*** Task material ***
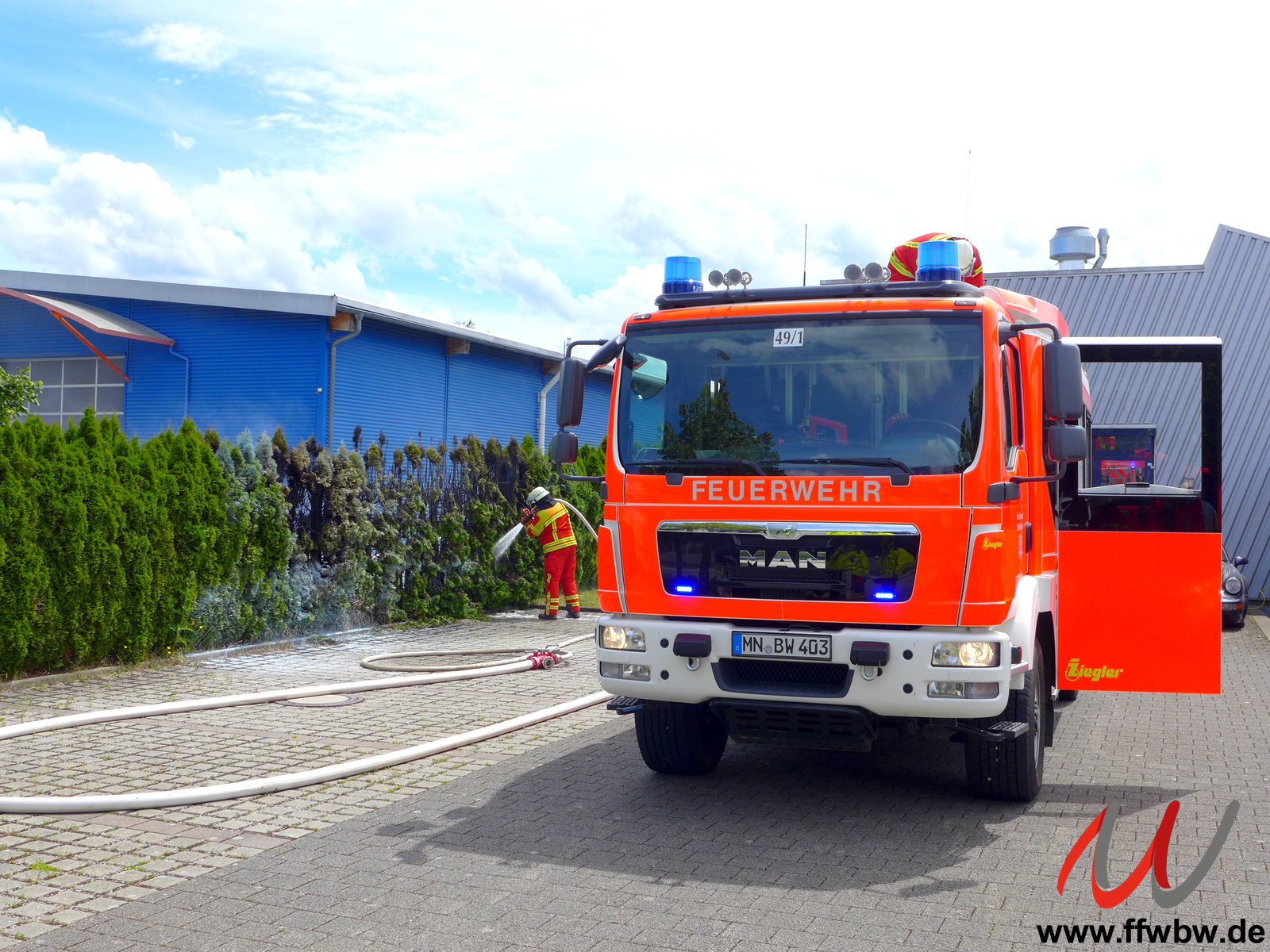 Alarmierung der Feuerwehr Bad Wörishofen zu einem Heckenbrand in die Messerschmittstraße. Von Anwohnern wurde bereits angefangen mit einem Gartenschlauch zu löschen. Die Feuerwehr führte die Brandbekämpfung mit einem C-Rohr weiter und kontrollierte im Anschluss den Bereich noch auf Glutnester.
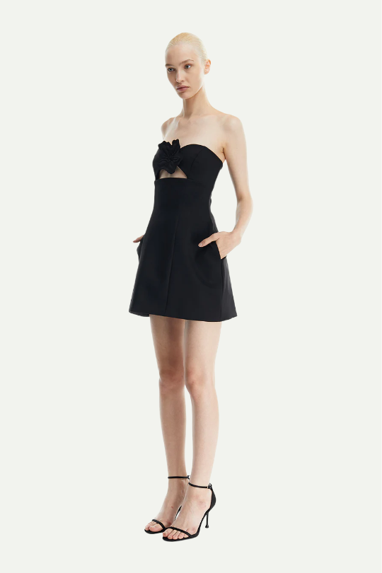 שמלת מיני בגזרת סטרפלס מחמיאה עם חיתוך מתחת לקו החזה ופרח תלת־ממדי במרכז. עשויה מבד מובנה שמעניק מראה נקי ואלגנטי. מתאימה לערב או לאירוע כשאת מחפשת לוק אלגנטי עם טוויסט דרמטי.
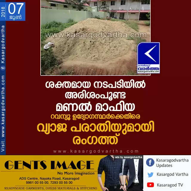 Keywords:  Kasaragod, Kerala, news, Kanhangad, sand mafia, Hosdurg, Sand mafia's fake complaint against Revenue officers.
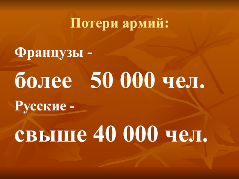 Потери армий:Французы -более  50 000 чел.Русские -свыше 40 000 чел.
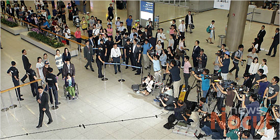 미국 샌프란시스코 국제공항에서 착륙하다 활주로에 충돌한 아시아나항공 214편 B777-200 여객기 승무원 6명이 11일 오후 인천국제공항을 통해 입국하고 있다. 이날 입국한 승무원은 선임승무원 이윤혜씨를 비롯해 남성 승무원 유태식씨, 여성 승무원인 이진희, 김지연, 한우리, 김윤주씨 등 6명이다.
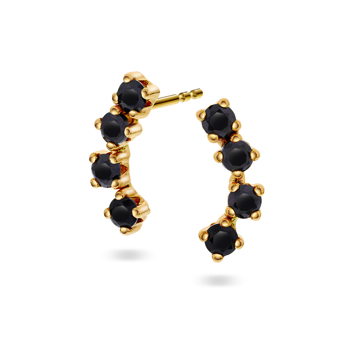 Moderne ørepynt i halvsirkel med dypsorte zirkoniastener innfattet i gullfarget metall for et elegant og kraftfullt uttrykk. Hver sten er festet med klør som gir struktur og glans, mens den buede formen omslutter øreflippen med presisjon og stil. Designet skaper en iøynefallende silhuett med tydelig kontrast.
*** End of Task material ***
Required action
Starting at the line that holds "שמלת מיני בגזרת", print each line through the last one of the entries above, exactly and with both ends included; no pictures.

Expected answer
 שמלת מיני בגזרת סטרפלס מחמיאה עם חיתוך מתחת לקו החזה ופרח תלת־ממדי במרכז. עשויה מבד מובנה שמעניק מראה נקי ואלגנטי. מתאימה לערב או לאירוע כשאת מחפשת לוק אלגנטי עם טוויסט דרמטי.
 Keywords:  Kasaragod, Kerala, news, Kanhangad, sand mafia, Hosdurg, Sand mafia's fake complaint against Revenue officers.
 Потери армий:Французы -более  50 000 чел.Русские -свыше 40 000 чел.
 미국 샌프란시스코 국제공항에서 착륙하다 활주로에 충돌한 아시아나항공 214편 B777-200 여객기 승무원 6명이 11일 오후 인천국제공항을 통해 입국하고 있다. 이날 입국한 승무원은 선임승무원 이윤혜씨를 비롯해 남성 승무원 유태식씨, 여성 승무원인 이진희, 김지연, 한우리, 김윤주씨 등 6명이다.
 Moderne ørepynt i halvsirkel med dypsorte zirkoniastener innfattet i gullfarget metall for et elegant og kraftfullt uttrykk. Hver sten er festet med klør som gir struktur og glans, mens den buede formen omslutter øreflippen med presisjon og stil. Designet skaper en iøynefallende silhuett med tydelig kontrast.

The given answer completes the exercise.